Adoro la fama

Crítica de Roger Koza - Con los ojos abiertos

Una interesante película Zeitgeist que marca paradójicamente los límites del propio cine de su directora

Adoro la fama, la nueva película de Sofia Coppola, es su film más accesible y políticamente preciso. Su blanco es la sociedad del espectáculo, o la evolución perversa y pop de ese concepto unas décadas más tarde. Una evidencia: el deseo de fama se ha radicalizado hasta el infinito a través de las redes sociales, y el Joven, una especie simbólica ideal de ese universo comunicacional, delira en su exposición subjetiva en la red.

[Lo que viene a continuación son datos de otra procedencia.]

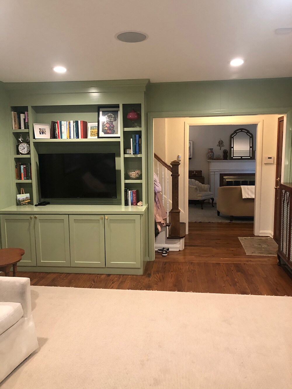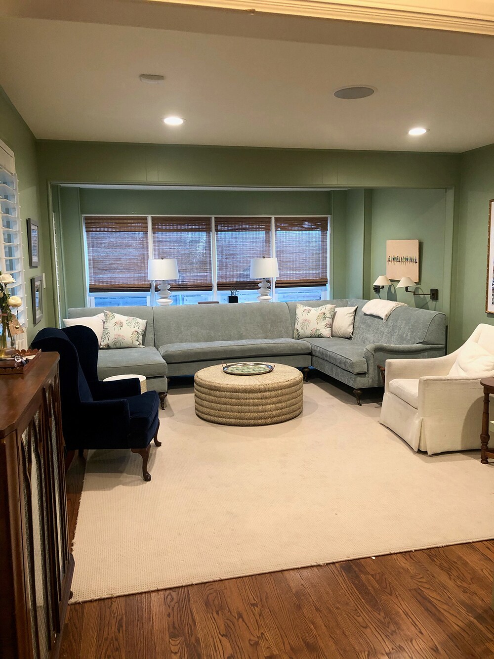 We love the idea of bringing in the pink, but with the color palette that you have we need to bring something to tie it in. The first option would be to incorporate a fun wallpaper on the ceiling that had some of these colors to bring it all together. Maybe something in pink with a micropattern. We thought maybe it would be nice to add one more swivel chairs that had a pretty back so you can see that right when you walk in but also be able to turn them around to watch television. We have even done something where we have upholstered the back of the chair in a different fabric that is a little more playful and the seat is more durable. Rather than having all of the furniture on the outside of the room, the swivel chairs will help pull it in and engage that space. Another option if you didn’t want to go the wallpaper route is to paint the ceiling a little bit of a softer green than what’s on the walls so it feels like a more uniform envelope of color. We love the idea of a stripe on the rug. Also something in a pretty neutral, like a seagrass rug, would be nice. Then you could even layer on top of it with a more colorful or patterned rug to anchor the seating space. That one can be much smaller and cozier, and the bottom rug would stretch more towards the walls. To touch on the blue chair, the shape is really interesting but since you have so many lighter colors in the room you could reupholster this one to fit better with the room. It would be nice to even add a little footstool or side table.

Compañera ideal de La red social, film no menos fallido que éste, Adoro la fama, basada en un hecho real, cuenta la historia de un grupo de adolescentes de clase media de Los Ángeles, conocidos como la pandilla “The Bling Ring”, quienes empiezan a robar casas de actores famosos como si se tratara de un deporte de riesgo. Cuando las grandes estrellas de cine y la televisión anuncian en las redes sociales que estarán de viaje llega la hora de usurpar. Entre los damnificados pueden estar Orlando Bloom, Lindsay Lohan, Rachel Bilson, Megan Fox, pero eso es pura anécdota.

Está claro que no roban por necesidad sino por un imperativo no del todo consciente de reconocimiento público. Subir a Facebook las conquistas adquiridas y sumar fans y amigos constituyen una meta propia de la lógica del hedonismo material estadounidense, una forma de vida tan insustancial como ineficaz y que regula la intimidad de los miembros de la pandilla. En ese sentido, es clave en el relato las alusiones a la espiritualidad de corte New Age californiano, demasiado caricaturizado por momentos, pero un orden simbólico correlativo a ese culto al materialismo banal que el film retrata. Es un acierto que Emma Watson sea una de las elegidas para interpretar a las ladronas en cuestión. Su presencia remite a Harry Potter, otra vía del misticismo contemporáneo. En otras palabras: estos elementos funcionan como un contrapunto preciso de los robos y de una filosofía del Yo en donde la exhibición personal en el espacio público resulta una regla ineludible, un imperativo categórico. Una tesis: la espiritualidad citada es enteramente compatible con la acumulación sin límites. Segunda tesis: el famoso espacio privado en realidad jamás desaparece por llevar al límite el deseo de mostrarse, más bien se sugiere estrictamente lo opuesto: lo que se expande hasta el infinito es la privacidad en todos sus órdenes, la que trastoca lo público como tal hasta borrar esa dimensión que propone un límite entre el yo y el conjunto en convivencia.

El problema de Coppola es que para dar cuenta de un modelo de subjetividad elige una forma de expresión característica de esa subjetividad. La película por momentos está demasiado cerca (y es absorbida) por el modelo representacional que critica. El observador se convierte en lo observado y viceversa, o lo que se ve se duplica en cómo se ve. Es por eso que el pasaje en el Coppola elige una panorámica extensa para focalizar sobre un edificio en el que la pandilla está robando, plano que remite a cierta forma de filmar lo edilicio en Playtime, la directora oxigena el sistema formal de toda la película. Es allí, quizás el único momento, en donde Coppola toma distancia, literal y simbólicamente, de todo lo que muestra y demuestra.

Película síntoma, revelación conjunta: en la sociedad estadounidense el joven es una figura conceptual que organiza la mayoría de las prácticas sociales; Coppola, ya con 42 años, no parece encontrar nada relevante para filmar que no pertenezca a ese mismo grupo etario que define las características del consumo y la estética del mundo audiovisual, incluso su propio cine.